- Location: San Miguel Totolapan, Guerrero, Mexico
- Date: October 5, 2022 2pm - ~2:15 pm
- Deaths: 20 killed
- Perpetrator: Los Tequileros cartel

= San Miguel Totolapan massacre =

2022 civilian attack

On October 5, 2022, gunmen allegedly associated with the Los Tequileros cartel killed over 20 people, including the town mayor Conrado Mendoza Almeda, in San Miguel Totolapan, Guerrero, Mexico.

== Prelude ==
The Los Tequileros cartel was founded in the town of San Antonio La Gavia, in the municipality of San Miguel Totolapan, by Raybel Jacobo de Almonte after a falling out with leadership of the La Familia Michoacana cartel in 2016. The group originally conducted kidnappings and torture of municipal leaders and mayors of the towns, with Juan Mendoza Acosta, the then-mayor of San Miguel Totolapan, expressing support for the group after being threatened.
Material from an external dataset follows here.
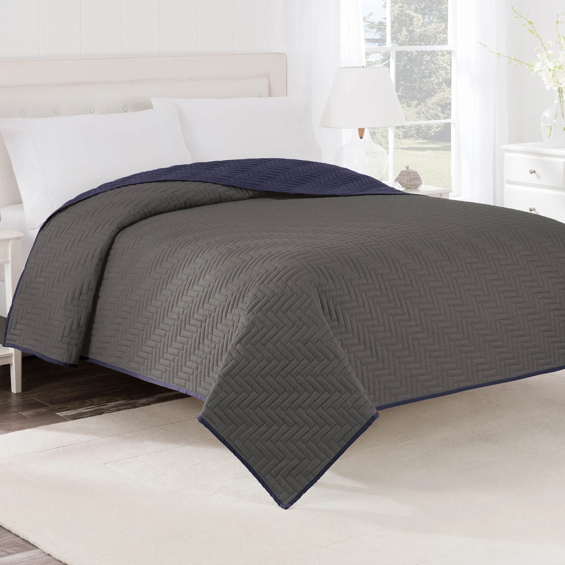 Looking to change things up? Switching your bedding is a cinch with this Reversible Quilted Coverlet from Martex. Crafted of polyester with polyester fill, this coverlet features an intricate woven quilt stitch detailing, square corner trim and a reverse color binding.

While local law enforcement and leaders were pressured into allying with Los Tequileros, most civilians of San Miguel Totolapan were against the cartel. In 2016, a small uprising began in the town after disgruntled civilians abducted seventeen alleged Tequileros supporters, including the mother of Almonte (El Tequilero). The uprising ended peacefully, although the city council was vacant afterward.

In 2018, El Tequilero was shot dead in a battle with police along with twelve other cartel members, and Mexican authorities believed with his death came the dissolution of Los Tequileros.

Shortly before the attack in San Miguel Totolapan, several members of Los Tequileros released a video on social media claiming to reform and continue fighting against LFM. They also claimed responsibility for the death of the municipality's director of Rural Development, who was presumed to have died in a car accident on October 3.

== Massacre ==
At around 2pm on October 5, several groups of armed people appeared in the streets of San Miguel Totolapan. Access to the town was blocked by trucks. The armed men were wearing ski masks, and both attacks were conducted using two SUVs. The first attack occurred at a private home a block away from the town hall, where mayor Conrado Mendoza Almeda was hosting a meeting with municipal leaders. Everyone present was assassinated, including Mendoza Almeda, his father and former mayor Juan Mendoza Acosta; Fredi Martinez Suazo, the director of Public Security; Roberto Mata Marcial, advisor to the mayor; Genesis Araujo Marcos, administrator of Sanitation; Samuel Garcia and Jose Antolin Calvo Caballero, both escorts to the mayor, and three other residents of the house, including a US citizen.

The second attack, carried out in tandem to the first, occurred at the town hall. Seven police officers and one passerby were killed, and shots were reported in other houses and parts of the town afterward. A survivor of the attack claimed it lasted only 10 to 15 minutes total.

== Aftermath ==
The governor of Guerrero, where San Miguel Totolapan is located, stated on Twitter that "There will be no impunity for the malicious aggression against the municipal president and local government officials." Survivors of the massacre claimed it was the deadliest event in the town in twenty years. Twenty people were killed in total, and there were so many victims a backhoe was rented to bury all of them.